Remembering the past, of course, is not the same as living in the past. Research has shown that viewing photos associated with specific positive autobiographical memories elevates our immediate mood and boosts our immune system.
“God gave us memories so that we might have roses in winter,” J.M. Barrie, the author of Peter Pan said. Despite aging, recall of certain fundamental aspects of past experiences remains remarkably stable over time for most people, says Penn State professor Nancy Dennis. She describes two separate categories that help us make better sense of memory, including “familiarity” — recalling the gist of a past experience–and “recollection” — calling up various details about the same.

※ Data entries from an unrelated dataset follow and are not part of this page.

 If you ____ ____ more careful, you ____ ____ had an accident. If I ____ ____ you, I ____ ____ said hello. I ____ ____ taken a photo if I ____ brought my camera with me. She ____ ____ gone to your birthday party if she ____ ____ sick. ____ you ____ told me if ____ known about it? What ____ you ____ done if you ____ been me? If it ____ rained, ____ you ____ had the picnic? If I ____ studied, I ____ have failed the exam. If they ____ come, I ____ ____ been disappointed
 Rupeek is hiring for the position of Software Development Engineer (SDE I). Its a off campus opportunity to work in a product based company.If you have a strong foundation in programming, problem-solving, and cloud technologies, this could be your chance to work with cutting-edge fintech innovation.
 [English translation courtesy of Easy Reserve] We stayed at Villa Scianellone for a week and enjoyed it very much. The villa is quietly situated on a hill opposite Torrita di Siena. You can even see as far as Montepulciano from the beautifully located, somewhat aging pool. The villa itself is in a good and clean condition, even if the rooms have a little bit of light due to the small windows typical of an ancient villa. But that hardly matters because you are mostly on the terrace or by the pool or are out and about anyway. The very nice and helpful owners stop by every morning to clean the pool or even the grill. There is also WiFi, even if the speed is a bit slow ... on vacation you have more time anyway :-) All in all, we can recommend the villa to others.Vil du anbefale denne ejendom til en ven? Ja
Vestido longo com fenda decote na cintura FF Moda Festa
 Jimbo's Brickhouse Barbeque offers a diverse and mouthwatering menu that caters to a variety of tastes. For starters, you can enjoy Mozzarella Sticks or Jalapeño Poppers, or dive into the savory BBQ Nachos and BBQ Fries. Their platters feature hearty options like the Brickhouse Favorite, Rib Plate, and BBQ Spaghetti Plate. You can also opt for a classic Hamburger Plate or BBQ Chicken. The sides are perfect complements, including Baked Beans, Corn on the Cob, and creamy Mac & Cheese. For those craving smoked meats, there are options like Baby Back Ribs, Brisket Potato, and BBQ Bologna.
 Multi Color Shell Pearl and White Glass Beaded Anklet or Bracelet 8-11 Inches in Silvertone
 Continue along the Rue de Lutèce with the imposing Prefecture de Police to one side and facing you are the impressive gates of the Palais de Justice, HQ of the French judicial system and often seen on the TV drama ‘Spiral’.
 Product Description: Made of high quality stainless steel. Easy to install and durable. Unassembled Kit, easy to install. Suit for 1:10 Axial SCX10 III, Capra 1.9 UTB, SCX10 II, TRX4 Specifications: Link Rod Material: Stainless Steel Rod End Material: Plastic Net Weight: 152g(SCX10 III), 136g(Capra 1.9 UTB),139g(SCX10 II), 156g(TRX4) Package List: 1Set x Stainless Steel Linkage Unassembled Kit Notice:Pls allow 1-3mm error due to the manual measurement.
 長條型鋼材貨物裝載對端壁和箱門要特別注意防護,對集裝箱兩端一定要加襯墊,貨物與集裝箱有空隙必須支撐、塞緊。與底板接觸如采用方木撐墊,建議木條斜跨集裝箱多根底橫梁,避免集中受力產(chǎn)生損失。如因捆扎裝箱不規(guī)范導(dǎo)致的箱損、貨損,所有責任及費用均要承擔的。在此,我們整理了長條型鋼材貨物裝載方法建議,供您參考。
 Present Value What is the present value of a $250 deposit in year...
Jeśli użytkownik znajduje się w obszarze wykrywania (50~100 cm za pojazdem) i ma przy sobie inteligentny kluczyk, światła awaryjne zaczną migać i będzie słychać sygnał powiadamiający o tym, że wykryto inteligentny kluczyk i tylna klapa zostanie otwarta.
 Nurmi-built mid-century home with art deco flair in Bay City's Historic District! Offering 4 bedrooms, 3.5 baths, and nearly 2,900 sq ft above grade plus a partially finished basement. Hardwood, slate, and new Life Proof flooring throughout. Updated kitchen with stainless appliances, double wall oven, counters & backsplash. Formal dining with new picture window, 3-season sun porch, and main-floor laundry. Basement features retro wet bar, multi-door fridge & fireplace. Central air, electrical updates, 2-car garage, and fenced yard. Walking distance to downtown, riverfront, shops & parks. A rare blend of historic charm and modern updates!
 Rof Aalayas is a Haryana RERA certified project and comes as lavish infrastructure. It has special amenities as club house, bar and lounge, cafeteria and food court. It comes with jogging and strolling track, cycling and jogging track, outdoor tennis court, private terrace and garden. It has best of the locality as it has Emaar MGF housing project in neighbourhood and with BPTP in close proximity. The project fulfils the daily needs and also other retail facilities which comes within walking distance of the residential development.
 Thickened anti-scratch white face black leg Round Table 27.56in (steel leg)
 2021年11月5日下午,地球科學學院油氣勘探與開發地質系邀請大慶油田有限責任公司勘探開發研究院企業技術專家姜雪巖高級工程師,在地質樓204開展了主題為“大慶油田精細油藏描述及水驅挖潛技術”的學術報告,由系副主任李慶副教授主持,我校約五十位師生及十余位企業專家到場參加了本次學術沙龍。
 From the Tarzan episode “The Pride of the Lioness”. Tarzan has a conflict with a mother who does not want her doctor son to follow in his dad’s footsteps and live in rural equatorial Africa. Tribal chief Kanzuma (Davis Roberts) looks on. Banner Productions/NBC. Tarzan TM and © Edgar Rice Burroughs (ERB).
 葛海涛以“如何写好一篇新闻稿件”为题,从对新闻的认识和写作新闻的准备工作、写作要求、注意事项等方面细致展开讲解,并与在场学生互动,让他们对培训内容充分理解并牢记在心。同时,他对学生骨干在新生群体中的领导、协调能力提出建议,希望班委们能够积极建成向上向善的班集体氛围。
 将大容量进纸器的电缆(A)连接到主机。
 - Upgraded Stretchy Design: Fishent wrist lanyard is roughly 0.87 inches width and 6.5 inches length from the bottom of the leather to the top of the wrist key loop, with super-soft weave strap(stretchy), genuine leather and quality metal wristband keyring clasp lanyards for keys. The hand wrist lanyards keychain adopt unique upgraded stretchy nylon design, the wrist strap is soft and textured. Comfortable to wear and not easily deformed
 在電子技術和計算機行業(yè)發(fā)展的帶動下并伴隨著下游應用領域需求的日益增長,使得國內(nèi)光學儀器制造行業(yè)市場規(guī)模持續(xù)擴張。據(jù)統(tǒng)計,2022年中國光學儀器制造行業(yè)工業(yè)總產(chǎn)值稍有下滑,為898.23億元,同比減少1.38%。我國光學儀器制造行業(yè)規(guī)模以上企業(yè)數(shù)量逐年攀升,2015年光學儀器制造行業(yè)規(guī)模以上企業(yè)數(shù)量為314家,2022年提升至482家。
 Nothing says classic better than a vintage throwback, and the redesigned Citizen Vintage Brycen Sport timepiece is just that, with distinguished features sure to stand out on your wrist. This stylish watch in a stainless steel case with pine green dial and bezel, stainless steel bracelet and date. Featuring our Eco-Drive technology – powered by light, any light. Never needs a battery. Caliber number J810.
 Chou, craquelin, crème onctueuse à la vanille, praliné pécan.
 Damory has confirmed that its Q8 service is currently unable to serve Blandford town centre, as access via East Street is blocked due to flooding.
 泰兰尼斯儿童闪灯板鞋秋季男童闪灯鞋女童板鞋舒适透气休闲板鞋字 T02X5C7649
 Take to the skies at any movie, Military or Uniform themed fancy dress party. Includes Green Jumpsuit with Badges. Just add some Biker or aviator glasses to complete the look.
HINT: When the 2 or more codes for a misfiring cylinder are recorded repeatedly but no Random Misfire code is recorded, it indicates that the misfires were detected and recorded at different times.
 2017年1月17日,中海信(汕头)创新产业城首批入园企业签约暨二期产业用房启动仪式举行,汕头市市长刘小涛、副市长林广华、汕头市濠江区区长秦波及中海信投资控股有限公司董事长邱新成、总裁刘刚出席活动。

Older adults do well at getting the gist right, but connecting names and faces or sequences of events lags as we age. Who was at a family picnic and who missed it? Who made the chicken salad and who didn’t eat any of it? These are likely better remembered by grandkids than grandparents.
While memories fade for everyone, Dennis notes, there are strategies for addressing this decline. For older adults, memory exercises that are less about recall of specific details and more about creating associational triggers may be the most useful.
Here’s how it all works. The brain stores information in a vast network of interconnected nodes allowing us to retain concepts, events, and sensory experiences. Associational triggers act as cues in activating these memories stored in the brain. These triggers, which can be anything from a specific smell to a particular song, prompt the retrieval process to spring into action.
Music is a powerful associational trigger. In addition to recalling past experiences, its melodious cues can channel everyday moods — while reminding us of days gone by and bringing them back to life again regardless of the distance whether it is driving home from the church around the corner or many miles, and years, away.
Memories, Karen Carpenter sang, “can be beautiful and yet, what’s too painful to remember we simply chose to forget.” We can, for the most part, control how and when we revive our memories. We train them to help us or discard them so they won’t hurt us.
Such memories give us ballast in day to day living and hope in the future.
While the past is worth remembering, most of us don’t want to go through puberty or pimples or all those other predicaments again. Since we somehow safely made it here — on the other side — we mostly want to stay where we are. We don’t want to go “back to the future.”
There is enough beauty here and now — in the present and even more on the horizon. And that’s enough for now.